Off she went again. Five minutes later she was back, whistling
Masts High! Breezes Fly!
"While the river's open to everyone, we'll hold a Grand Regatta here, that's what. We'll bring the date forward from the autumn. We'll invite men from Verrino and Gangee. There'll be a grand initiation ceremony, with flags and bunting and masquerades and dances aboard the boats. It'll be a sort of official opening of the Ka- store to men—though obviously Pecawar men can join in earlier, and the 'jack army will be passing through beforehand."
"Hang on! Aren't all our boats going to be full up with prisoners and armies?"
"I'm sure we can spare a few more vessels—if we suspend ordinary trade for a while, and cram those prisoners in tight."
"Poor sods."
"You don't mean that."
"Maybe not."
"That's how we'll do it."
"Yes, but we're sending the Sons north under hatches for security reason
s. Now we're going to have men dancing on deck—not to mention a whole 'jack army on the water."
"Ah, but the command in the west will assume we've made a compact with the current. They won't know what sort, so long as they don't see their own men benefiting. Actually, it would be really neat if we could fool them into launching rafts across the current. Maybe we ought to feed some half-truths to the captives? Stuff they could blab when they got back home?"
"Some people can be too clever for their own good, Chanoose."
"I thought that was your speciality, Yaleen." Oh, she was indefatigable.
"So," I said, "We'll recruit lots of fellows from nearby towns by offering free trips to the Pecawar regatta."
Chanoose looked amazed. "Free?
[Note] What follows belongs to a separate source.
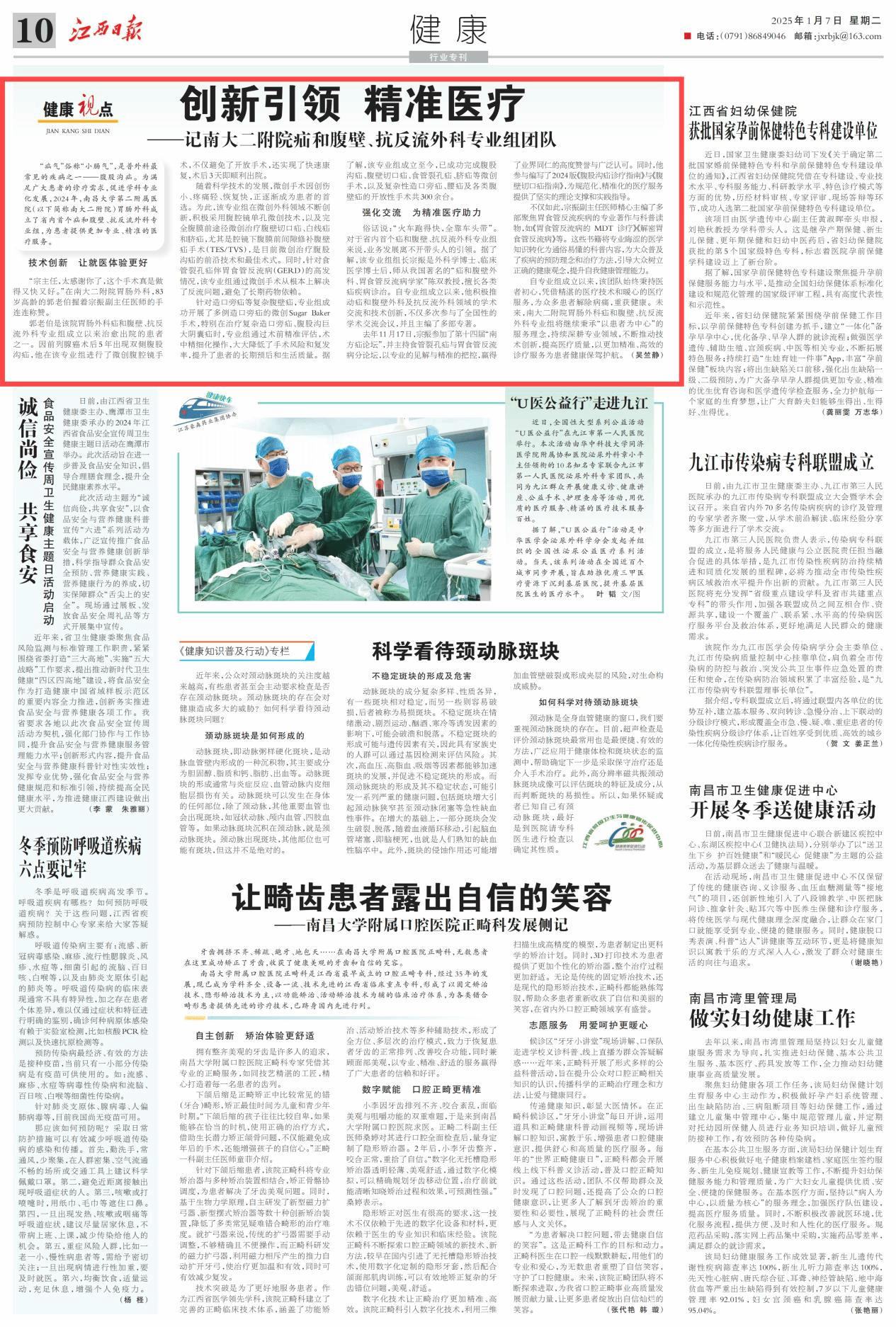 編者按:1月7日,《江西日報》第10版以《創新引領 精準醫療 ——記南大二附院疝和腹壁、抗反流外科專業組團隊》為題報道我校第二附屬醫院胃腸外科成立省內首個疝和腹壁、抗反流外科專業組,為患者提供更加專業、精準的醫療服務。詳情如下:

Who said anything about free? Does it cost nothing to build your dikes? Or to lay on a regatta? Plus a balloon—we'd better get hold of a balloon to accustom young lovers to the idea. Free indeed! What an impractical child you are."
"Not quite! Maybe we ought to discuss the royalties for my next book here and now!" Here I was feeding her a half-truth; for I was pinning my hopes on the copy, not on the original.
She ignored this feint. "I'm grateful for your comments. You point up the need for tight logistics." And off she went, humming her time.